É bacana observar como Dumas consegue imprimir uma complexidade aos nossos cavaleiros: Atos: nosso cavaleiro com ares de Sir, erudito e calado que, devido a problemas do passado, tem problemas que afetam a vida de nosso mosqueteiro; Porthos, o grandalhão fanfarrão e conquistador nato; e Aramis, nosso aspirante a padre (o mais “misterioso” dos amigos), que eventualmente se entrega aos prazeres terrenos.

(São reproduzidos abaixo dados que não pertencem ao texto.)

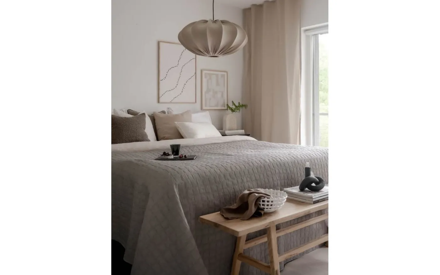 Mavis sängöverkast från Svanefors är tillverkat i matelassé som är ett tyg vävt i två lager i ett upphöjt nästan vadderat mönster.
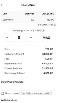 * You can exchange Color Point for Color Token and market price shall be applied
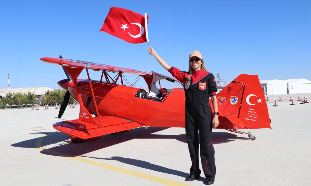 Koreografinin ardından ‘Yeni Menekşe’ isimli akrobasi uçağı ile izleyenler için ‘Cumhuriyet Bayramı Özel Uçuşu’ gerçekleştiren Semin Öztürk Şener, izleyenlerin nefeslerini kesti. Cumhuriyet Bayramı’nı coşkuyla kutladıklarını söyleyen Şener, “29 Ekim Cumhuriyet Bayramımız kutlu olsun. Sivrihisar Havacılık Merkezi’nde her yıl olduğu gibi büyük bir coşkuyla kutluyoruz Cumhuriyet Bayramı’mızı. En büyük bayram Cumhuriyet Bayramımız. Ben de böyle özel bir günde ‘Yeni Menekşe’ ile havada olmaktan dolayı çok büyük bir gurur duyuyorum. Benim için çok kıymetli. Ne mutlu Türk’üm diyene, yaşasın Cumhuriyet” dedi.
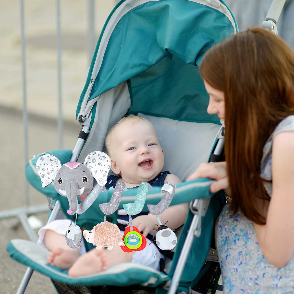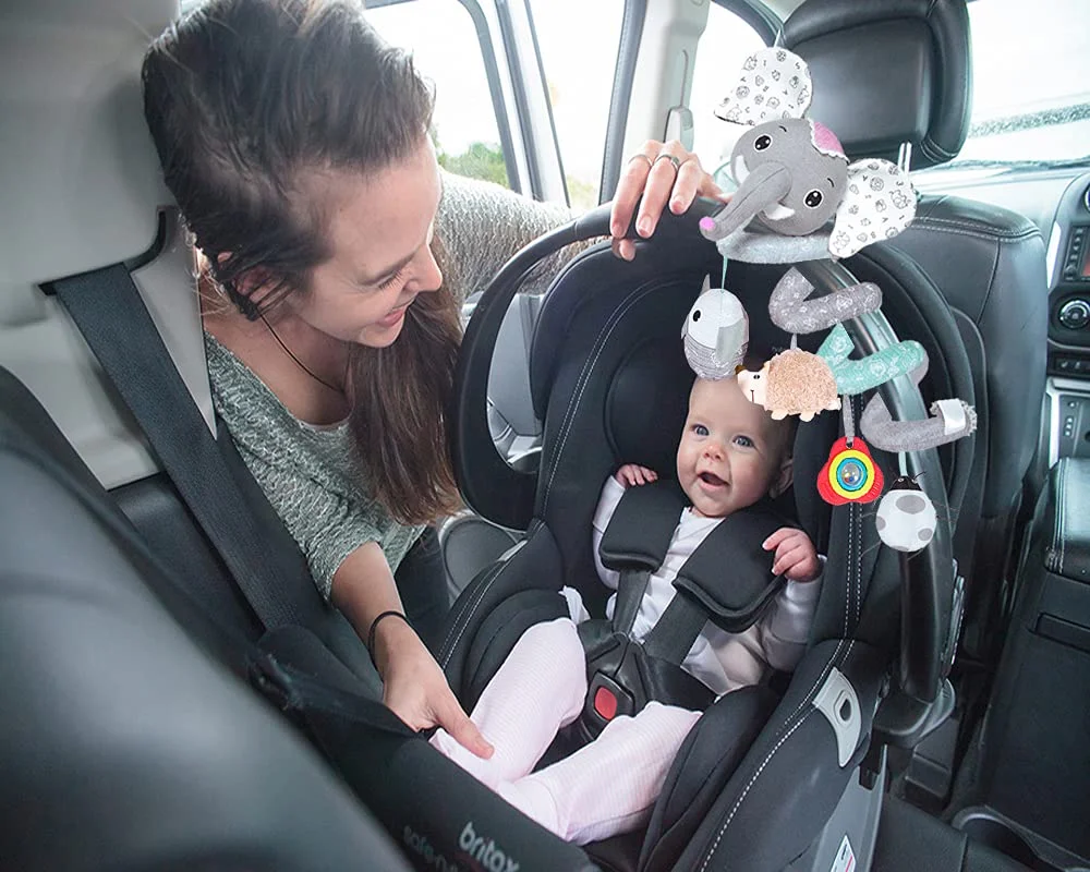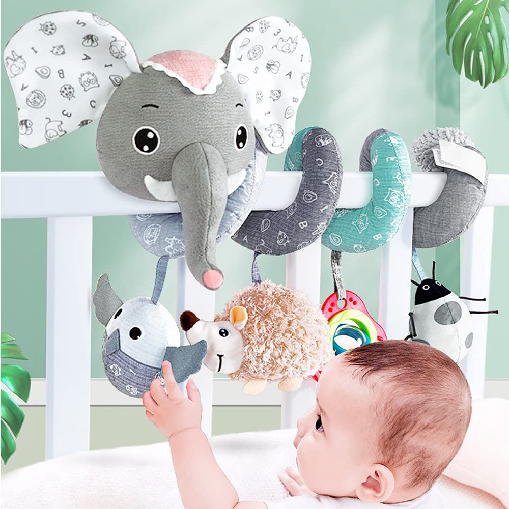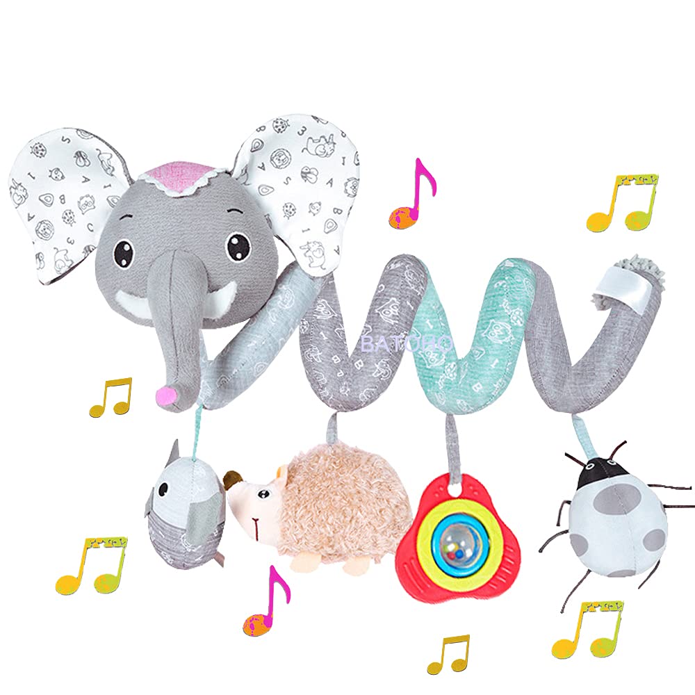 Baby Car Seat Toys, Infant Activity Spiral Plush Toys Hanging Stroller Toys for Baby with Musical Owl Rattles Hedgehog Beep Ladybird Squeaker - Gray Elephant

Além das aventuras, podemos ver como Dumas explora as paixões e fraquezas humanas mostrando que por vezes, nada além de anseios particulares, norteiam a vida de quem está no poder.

“D’Artagnan se admirou dos fios frágeis e desconhecidos a que às vezes estão suspensos os destinos de um um povo e a vida dos homens” – pág.208.

Um aspecto bem forte na narrativa (além, é claro, das cenas de luta) são os casos amorosos que, de certa forma, permeia tudo que se passa.

Se você já assistiu alguma adaptação da obra, peço-lhe que não deixe de ler o original, pois tenho certeza que irá se apaixonar pela história.

Livro mais que recomendado!!!

Obs.: ALERTA DE SPOILER – leia por sua conta e risco!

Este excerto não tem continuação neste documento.